We are in the waiting room of the doctors office. Gerard and I haven’t spoken since we were in the alley way. We are both just nervous and scared and angry. I feel his hand clasp mine and I squeeze it back. I look at him and get lost in his hazle eyes. I hope our baby has his eyes. I lean in and give him a soft kiss.
“I’d do anything for you Johanna I mean it. I am willing to give everything up for you. I want to be here for you during this. We did this together we are going to get through this together Im not going to leave you while. I was selfish for saying that” He admits. I smile at him. I love him so much and I give him another kiss.
“Johanna Retorio? “ A nurse from the door way calls out. Gerard and I stand up going in hand and hand into the doctors.
After and hour of poking and prauding in awkward places we sit in front of the doctors desk. He is bald, about 50 years old and wearing a lab coat. He is looking over a file and then closes it and looks at us holding his own hands.
“Well Johanna and Gerard I know you guys only came here for one reason and one reason only and that is to see how your baby is, because as you’ve stated Johanna you have been drinking excessively correct?” He asks me. I feel so small.
“Yes sir” I respond.
“Well after running some tests and doing the ultra sound it is safe to say there is nothing to worry about” I sigh in relief but then the doctor continues.
“Because there is no baby. You’re not pregnant Johanna” I stare at him in shock so does Gerard.
“But my period is late!” I explain
“And the test was positive” Gerard adds. The doctor lets out a slight chuckle.

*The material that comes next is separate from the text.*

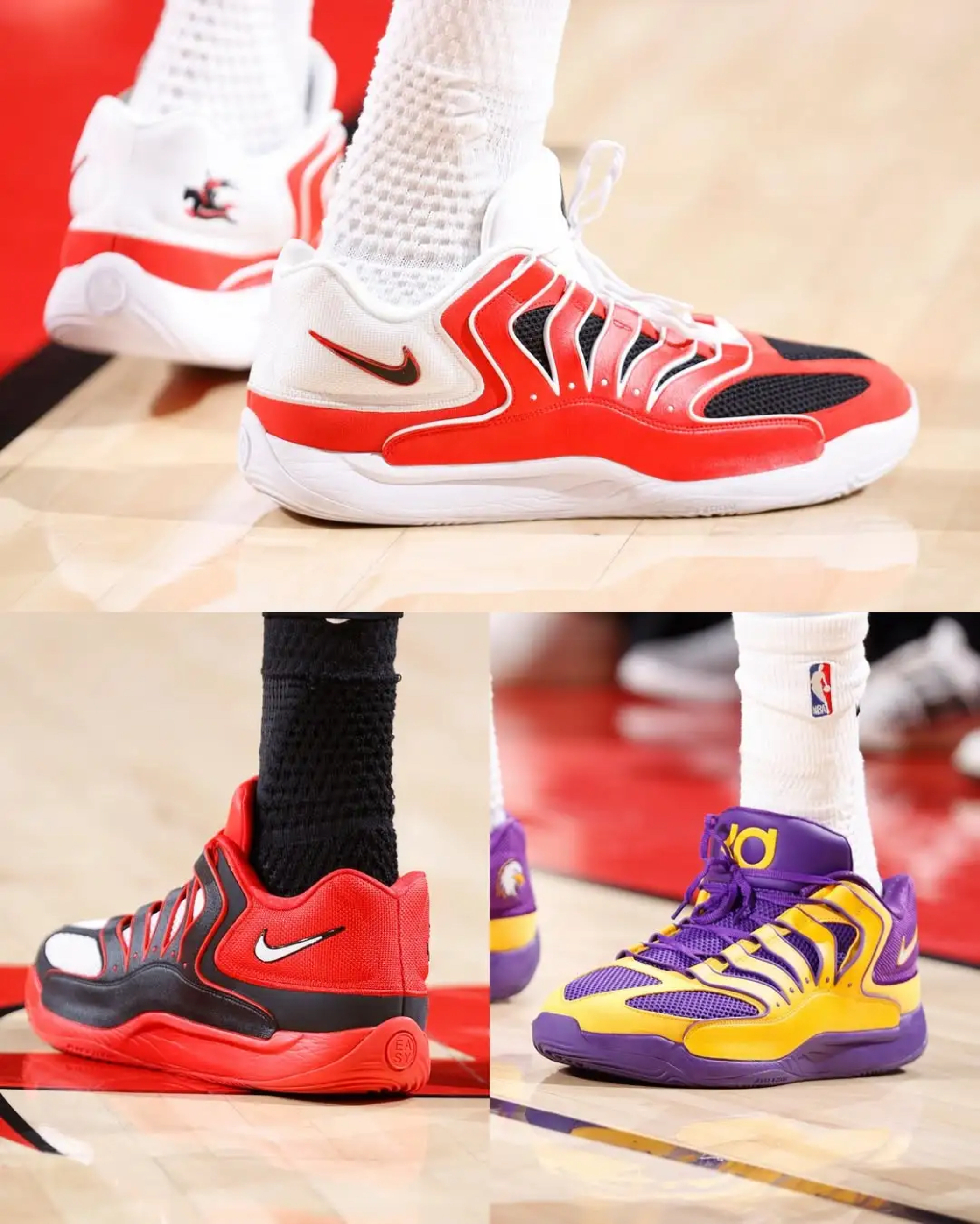 KD18作为耐克为他打造的全新签名战靴,主打舒适与掌控,搭载中足鞋笼,助力赛场表现。鞋款采用低帮设计,耐磨缓震,适合实战党。配色上,红黑橙三色碰撞,视觉冲击力拉满,无论是赛场还是街头,都能轻松吸睛。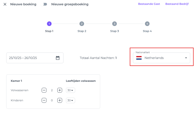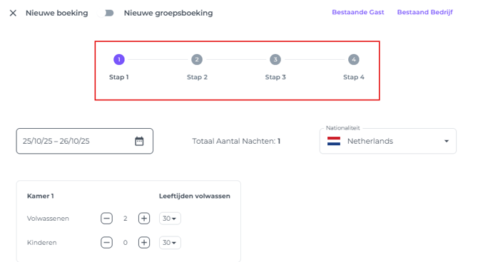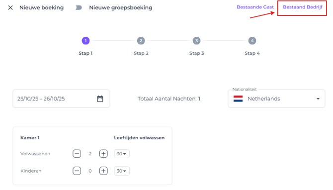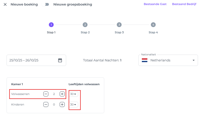 De informatie die je in stap 1 invoert, is van toepassing op de boeker. Als je in deze stap het profiel van de boeker selecteert, worden deze gegevens automatisch ingevuld in stap 3.

“Well there are several reasons why your period could be late, and several reasons why that pregnancy test showed up positive. You’ve explained to me that you have been traveling and under a lot of stress plus the drinking. That can cause your hormones to go haywire, making your period late, and showing a positive urinary pregnancy test. After a night of drinking alcohol it might not be the best to take a pregnancy test because you said you have been stressed lately, so my best guess is you’re to stressed and in an unfamiliar environment so of course your body is going to adjust to it” He explains. I nod and feel some sadness inside of me. Gerard lets outa sigh of relief.
“Thanks so much doctor” I say shaking his hand, Gerard does the same and we walk out of his office.
“Yes! Everything is fine Johanna!” Gerard says pulling me into a kiss. But I don’t get the same feeling now. He looks at me and can tell something is wrong.
“Aren’t you happy?” He asks. I smile and nod.
“Yes” I lie. He gives me a weird look but doesn’t ask anything else. He takes my hand and we walk out of the doors and we get on the road.